_Task to carry out:_ Restate, word for word and with no pictures, the stretch of lines in the data below that begins at the line with "Já mám konkrétně" and ends at the line with "圖9 不同濃度硫化物條件下反應器A1、B1、C1、D1氨氮濃度變化", inclusive.

_Task input:_
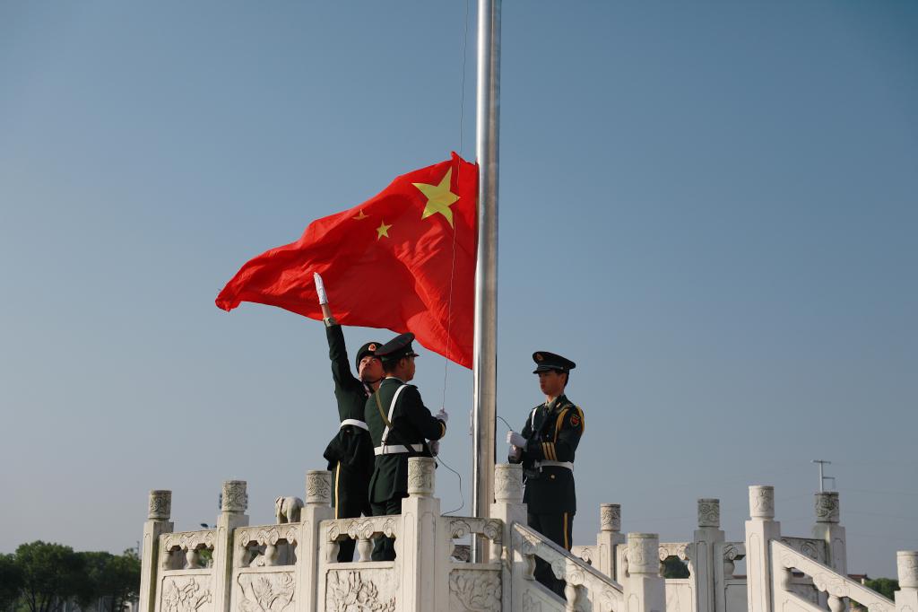迎着清晨的阳光,国旗护卫队手持国旗和钢枪,步伐整齐,军容严整,英姿飒爽,护送鲜艳的五星红旗入场。伴随着《义勇军进行曲》奏响,全体师生肃然起敬,鲜艳的五星红旗在大家注目下冉冉升起,迎风飘扬,师生深情的目光中,饱含着对祖国的无限热爱和崇高敬意。
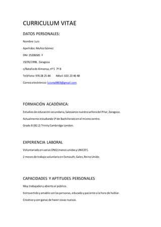 El documento presenta el currículum vitae de Luis Muñoz Gómez, un estudiante de 1o de Bachillerato de 23 años que vive en Zaragoza. Ha estudiado en el colegio Salesianos Nuestra Señora del Pilar y tiene un nivel B2.2 en inglés de Trinity Cambridge London. Ha realizado voluntariado con organizaciones como Manos Unidas y UNICEF, así como 2 meses de trabajo voluntario en Gales. Se describe a sí mismo como trabajador, extrovertido, amable, educado, paciente, creativo y con gan
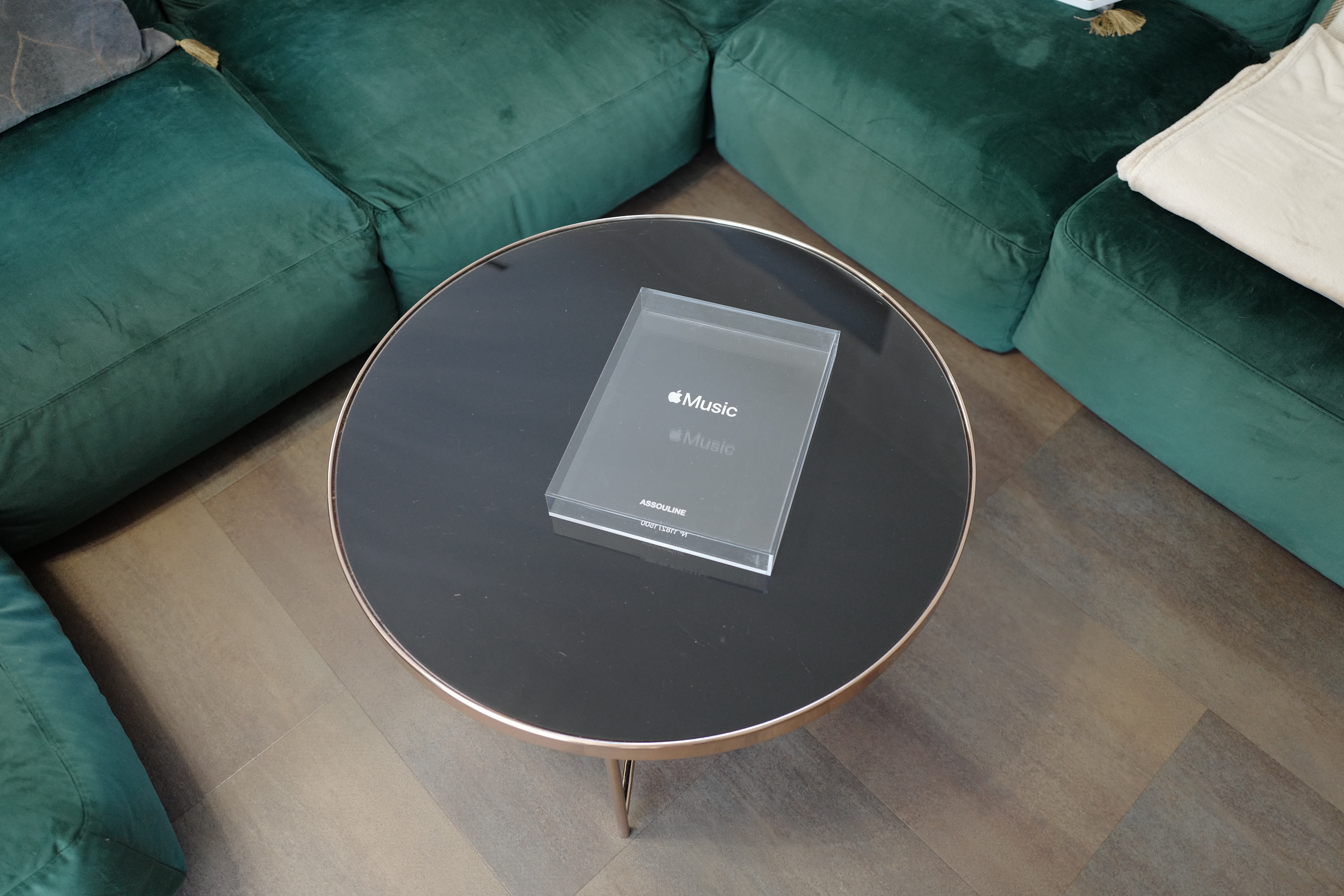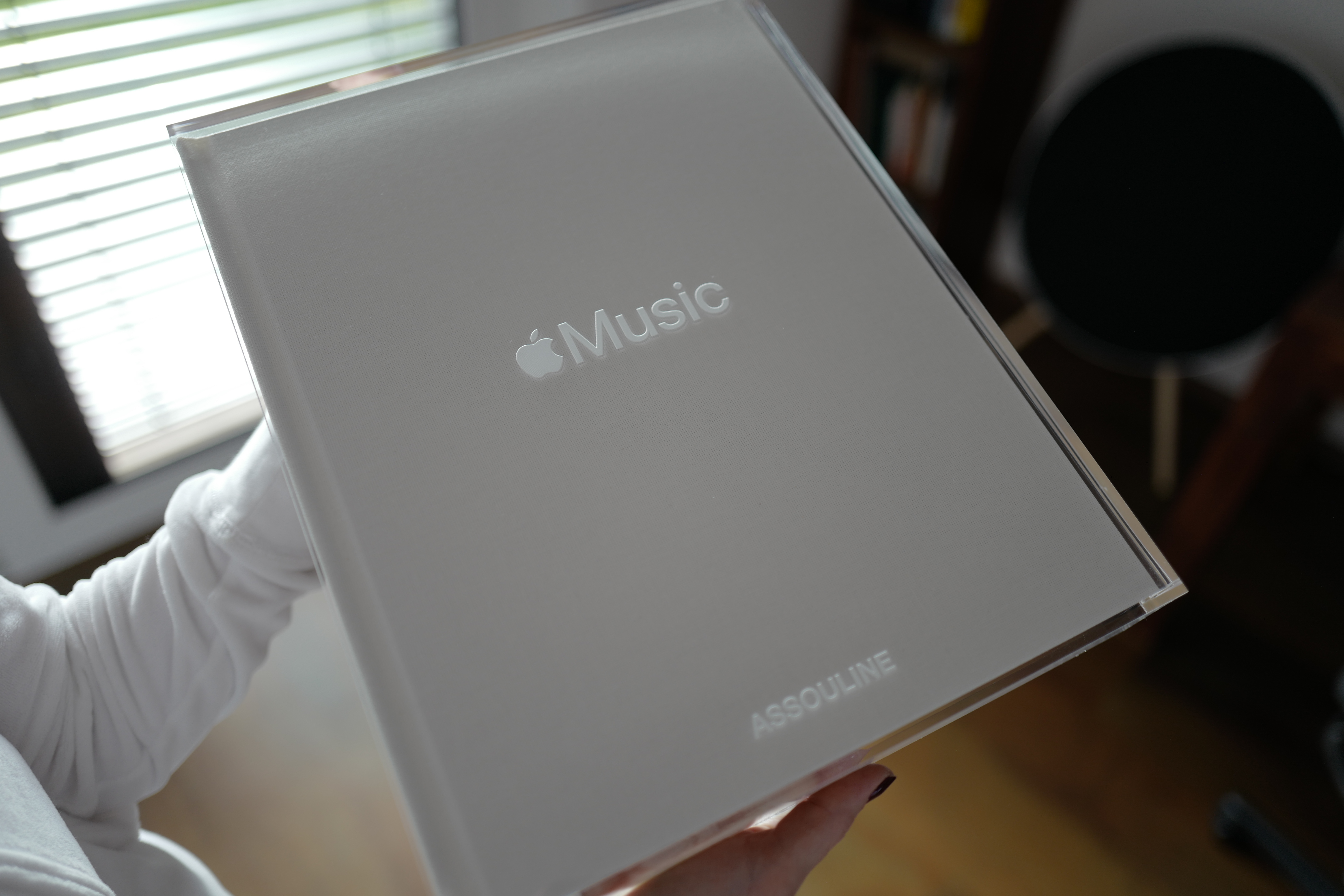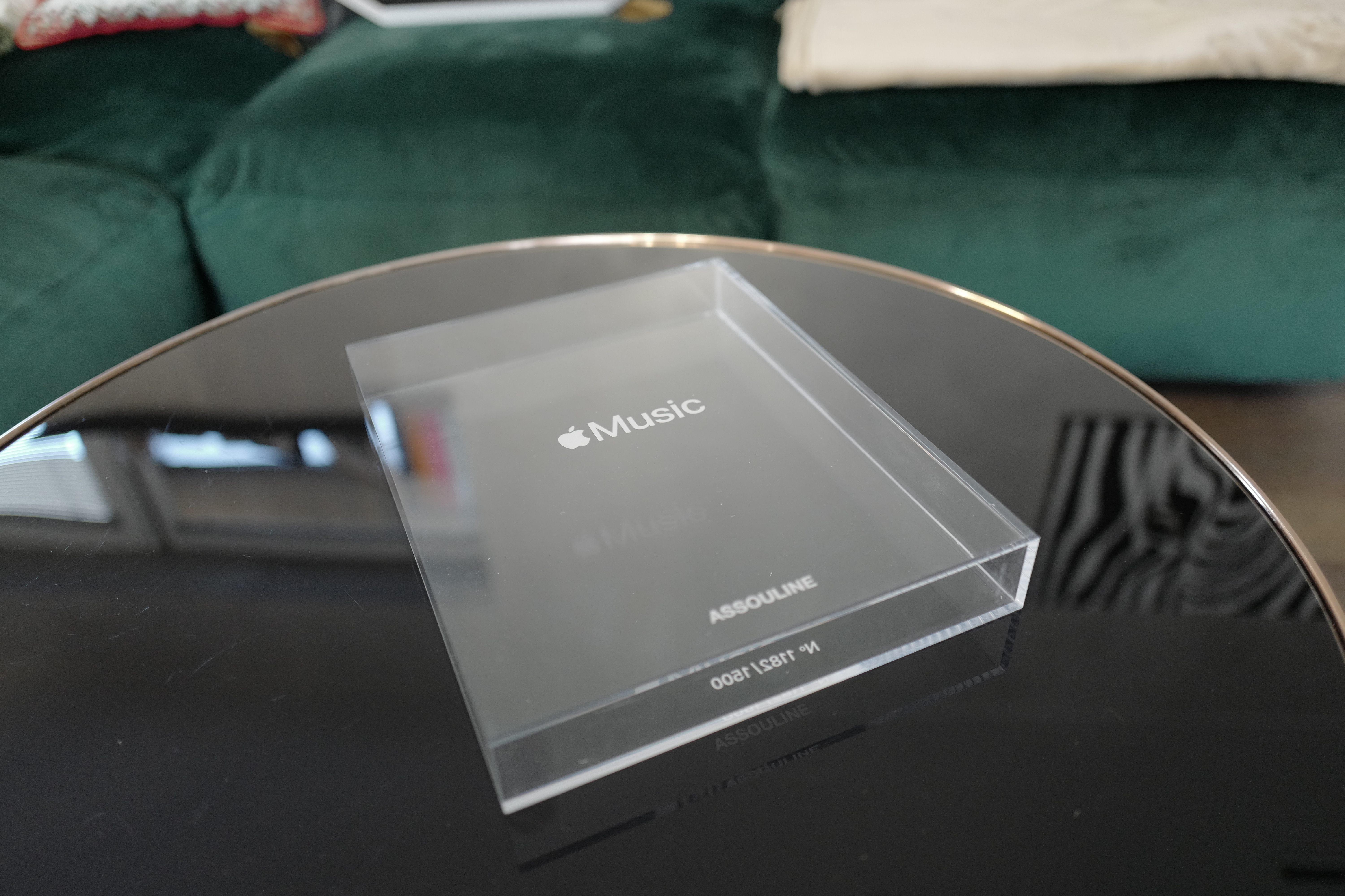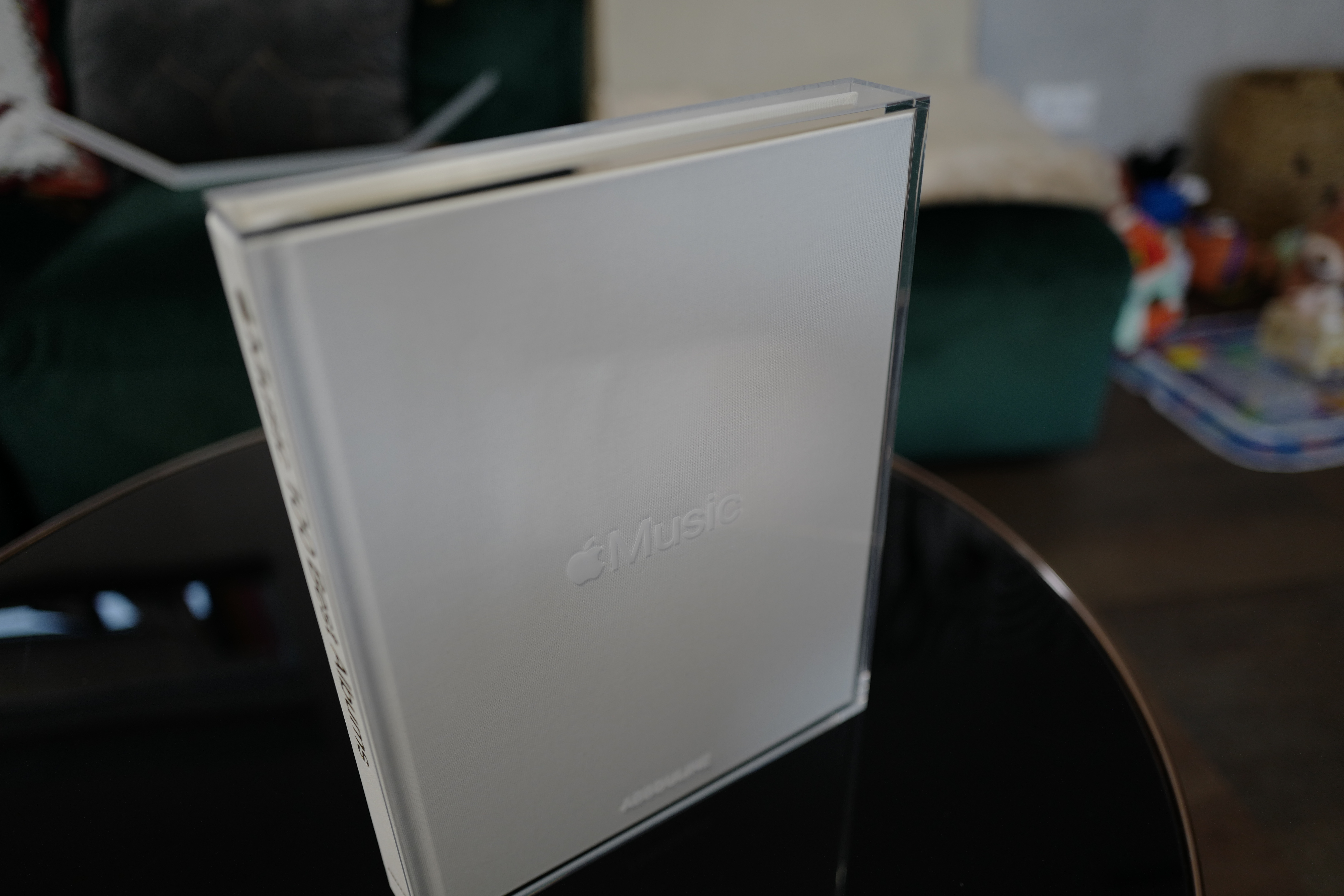 Já mám konkrétně knihu 1182/1500 a kromě krabice to samozřejmě najdete také uvnitř knihy, kde to je dokonce ručně napsáno, a také na plastovém obalu knihy, kde opět vidíte své číslo. S úsměvem na tváři jde říct, že všechen ten plast, který Apple ušetřil v posledních letech při výrobě svých produktů, byl nyní použit na obal oněch 1500 vyrobených knih. Ten je totiž opravdu masivní, pevný, kvalitní, průhledný a hlavně krásný. Evokuje obal CD nebo audio kazety a k Apple Music se skutečně hodí. Jedná se o čirý plastový obal, na kterém najdete pouze logo Apple Music, logo Assouline a na zadní části pak číslo vaší knihy.
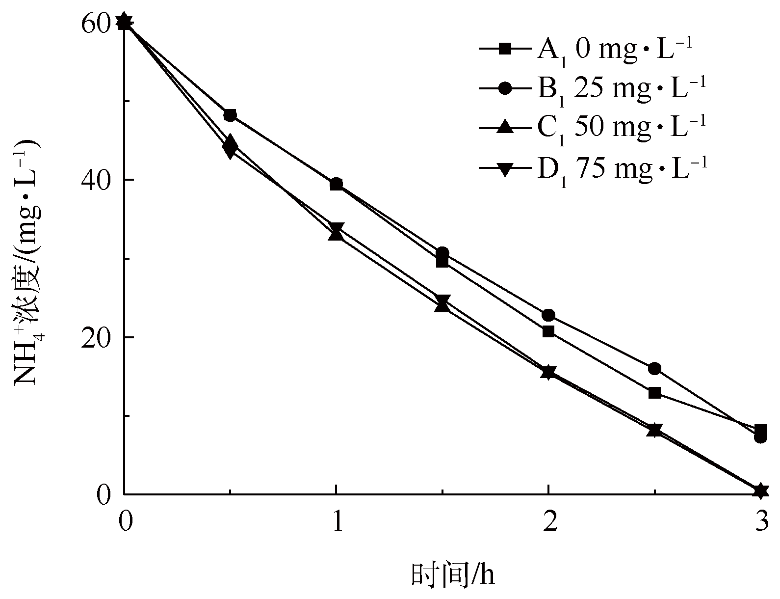 圖9 不同濃度硫化物條件下反應器A1、B1、C1、D1氨氮濃度變化
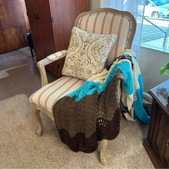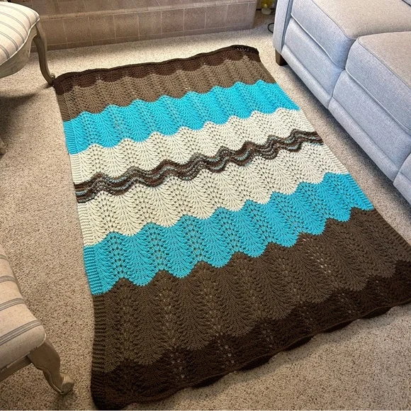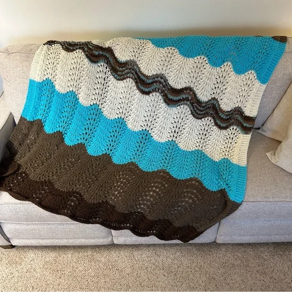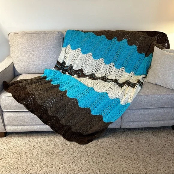 Beautiful Hand Knit Afghan Granny blanket or throw blanket for sofa, couch, recliner, chair or bed.Looks and feels like new.Sz Open soft knit pattern adds just a touch of coziness & warmth without too much.Pleasing combination of light robin’s egg blue, beige and brown.College Dorm ready creating awarm atmosphere reminiscent of home.52 inches X 75 inches.No rips, tears, snags, stains, or defects. Smoke free.Fast shipping -uses USPS Two day priority shipping. So depending on how efficient I am - you should receive your item quickly bar tornadoes, floods, earthquakes, blizzards, ice storms, & zombie apocalypses.Have a great day. Live Long and Prosper 🖖Fast shipping -uses USPS Two day priority shipping. So depending on how efficient I am - you should receive your item quickly bar tornadoes, floods, earthquakes, blizzards, ice storms, & zombie apocalypses.Have a great day. Live Long and Prosper 🖖LiCottagecore, Grannycore, Farmhouse, Grandmacore, Maximalism, Minimalism, Dorm Ready, College Student, Den, Couch, Sofa Throw, Armchair, Reading Lap Blanket, Throw, Afghan, Crochet, Knit, Handmade, Hand Crafted, Homemade, One-of-a-Kind, OOAK, Unique, Contemporary, Versatile, Colorful, Bright, Pastel, Pastel-goth, Wrap, Comforter, Bedspread, Bed Topper, Brown, Beige, Blue, striped, zigzag, mocha,

_Solution:_
 Já mám konkrétně knihu 1182/1500 a kromě krabice to samozřejmě najdete také uvnitř knihy, kde to je dokonce ručně napsáno, a také na plastovém obalu knihy, kde opět vidíte své číslo. S úsměvem na tváři jde říct, že všechen ten plast, který Apple ušetřil v posledních letech při výrobě svých produktů, byl nyní použit na obal oněch 1500 vyrobených knih. Ten je totiž opravdu masivní, pevný, kvalitní, průhledný a hlavně krásný. Evokuje obal CD nebo audio kazety a k Apple Music se skutečně hodí. Jedná se o čirý plastový obal, na kterém najdete pouze logo Apple Music, logo Assouline a na zadní části pak číslo vaší knihy.
 圖9 不同濃度硫化物條件下反應器A1、B1、C1、D1氨氮濃度變化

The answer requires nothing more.